Both regressions and classifications go through a series of if-else statements and minimizes the performance metric relative to the decision of split.

A big advantage of decision trees is that it is intuitive, and their decisions are easy to interpret, this are known as white box models. This is unlike Ensemble Methods or Neural Networks that are considered black box models, where they make great predictions, but it is difficult to explain why the predictions were made like that.

Another advantage is that it is able to gain insights from feature importance. Decision trees can not only be visualized to inspect the decision path for a given feature, but can also summarize the contribution of each feature to the rules learned by the model to fit the training data. Feature importance captures how much the splits produced by each feature help optimize the model’s metric used to evaluate the split quality (Gini impurity). A feature’s importance is computed as the (normalized) total reduction of this metric and takes into account the number of samples affected by a split. Hence, features used earlier in the tree where the nodes tend to contain more samples are typically considered of higher importance.
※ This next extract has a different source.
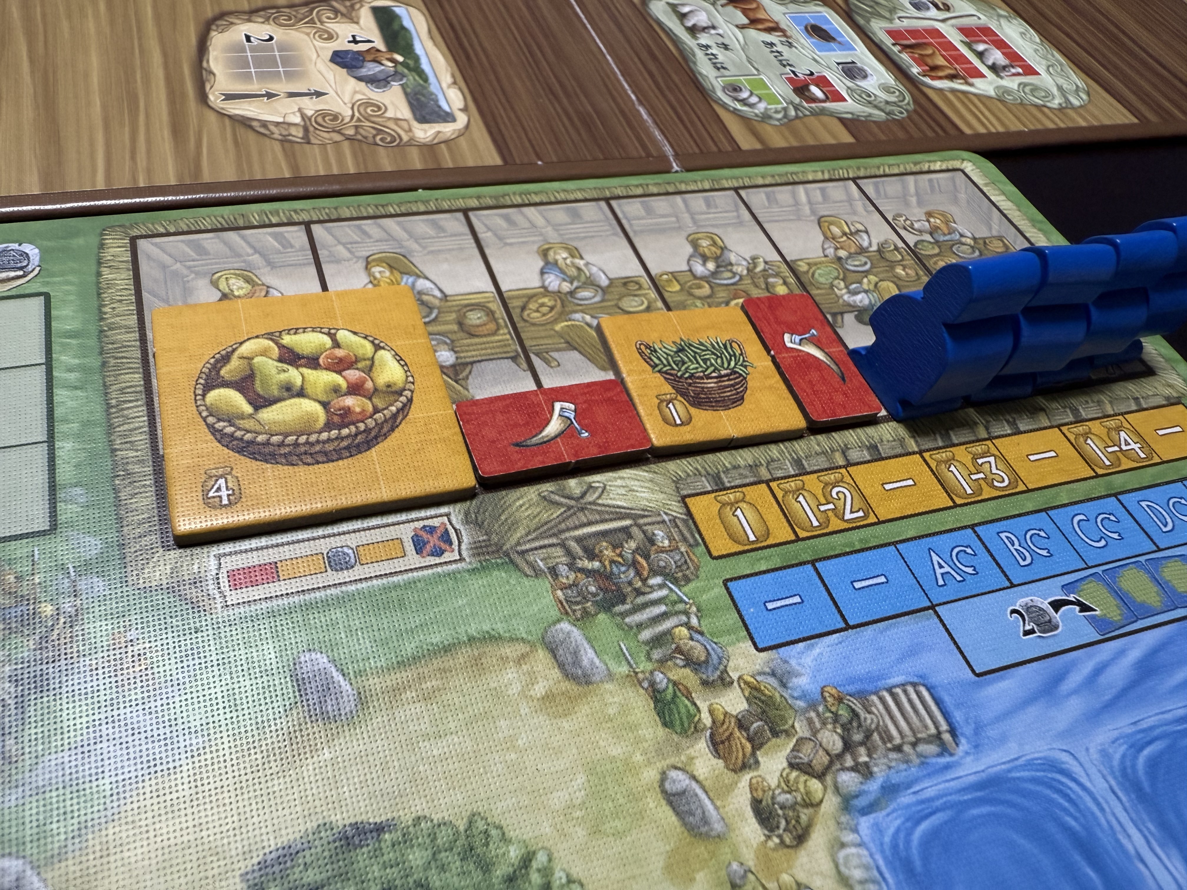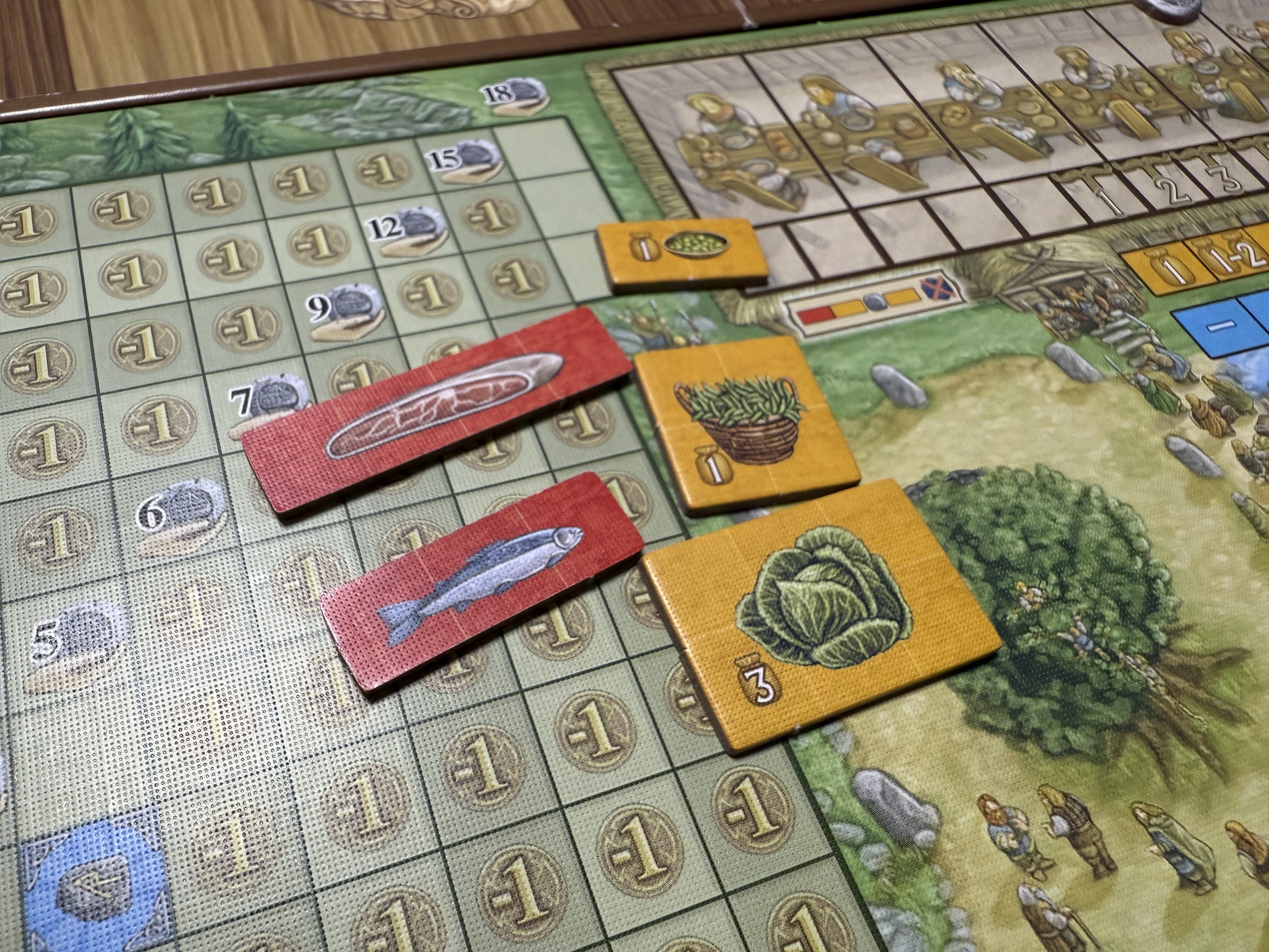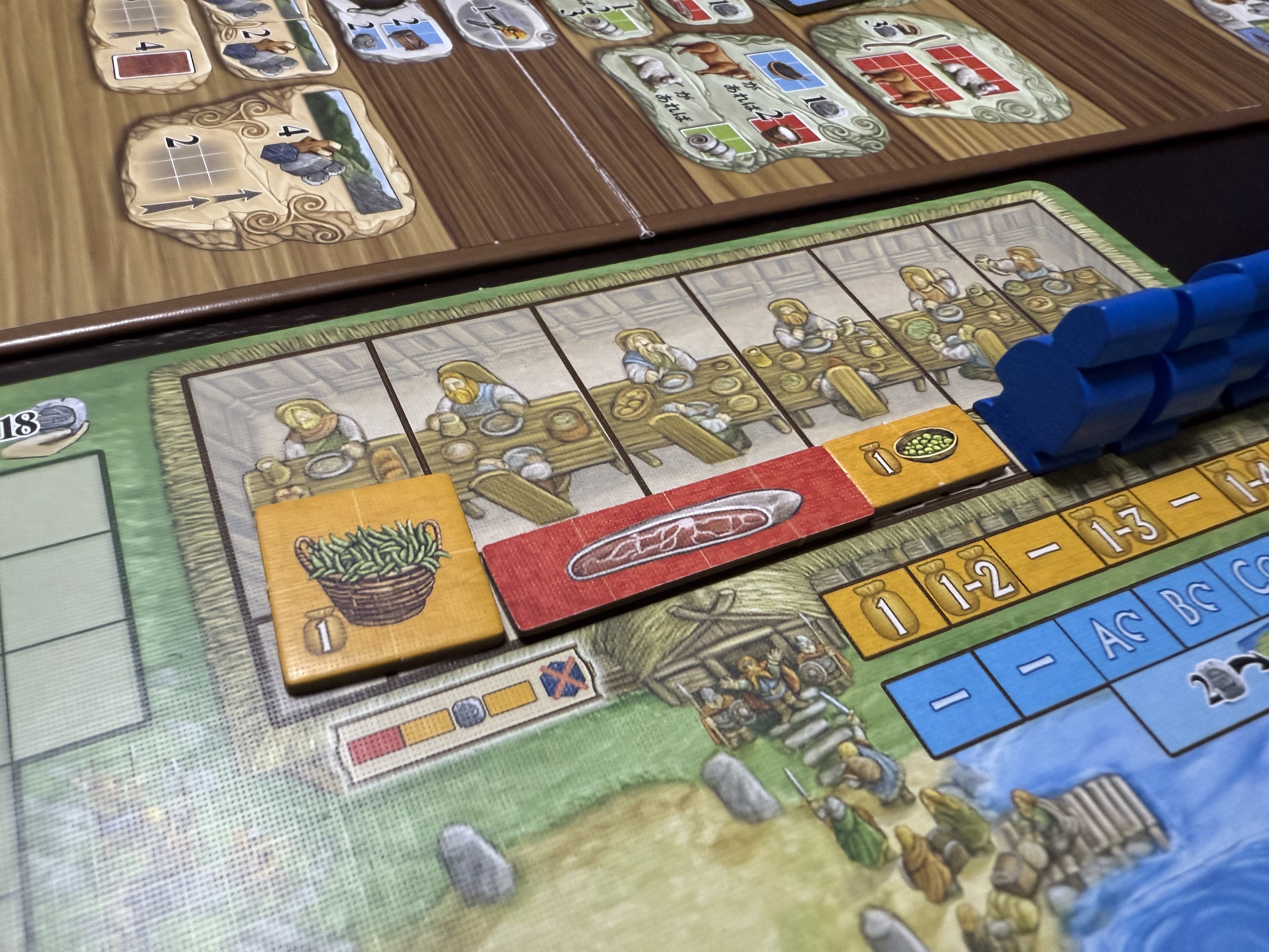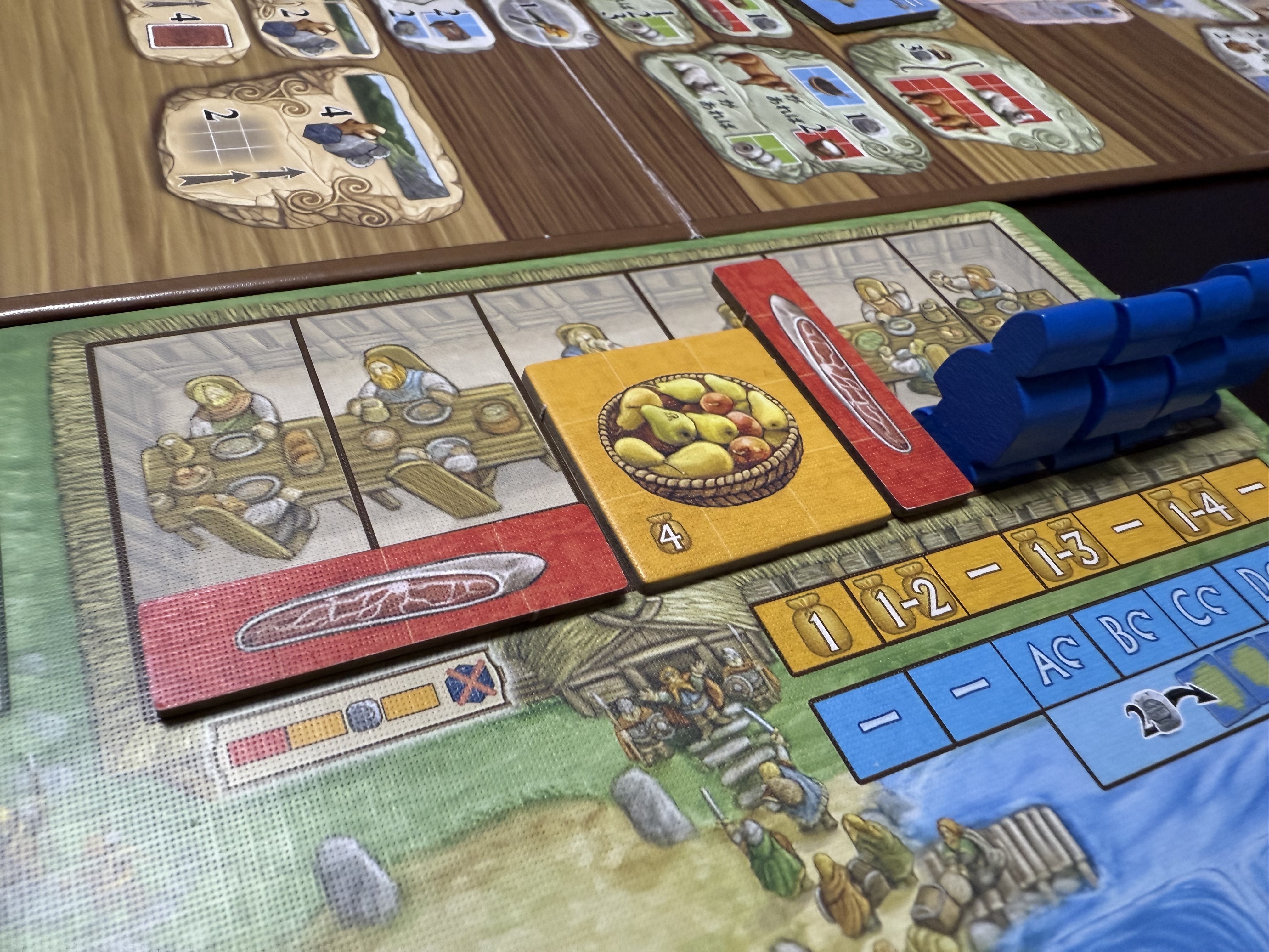 何より、饗宴が発生するたびあたかも「何を食べよか」とテーブルに食糧タイルを並べていく時間はとても楽しいですし、見た目にも華やかです。かろうじて作ることができたパンで食いつなぎ、直接点数が下がる原因になる家畜の肉をうんうん悩みながら食べるアグリコラの食事とは趣も方向性も違います。

However, CART is easily prone to overfitting as it is a greedy algorithm. It greedily searches for an optimum split at the top level, then repeats the process at each level. It does not check whether the split will lead to the lowest possible impurity several levels down. Therefore, the tree structure will adapt itself to the training data, fitting it very closely. This will lead to overly complex trees, which are reflected in in a large number of leaf nodes or partitioning of the feature space. The high variance of the decision trees is tied to their ability to closely adapt to a training set. As a result, minor variations in the data can produce wide swings in the tree’s structure and, consequently, the model’s predictions.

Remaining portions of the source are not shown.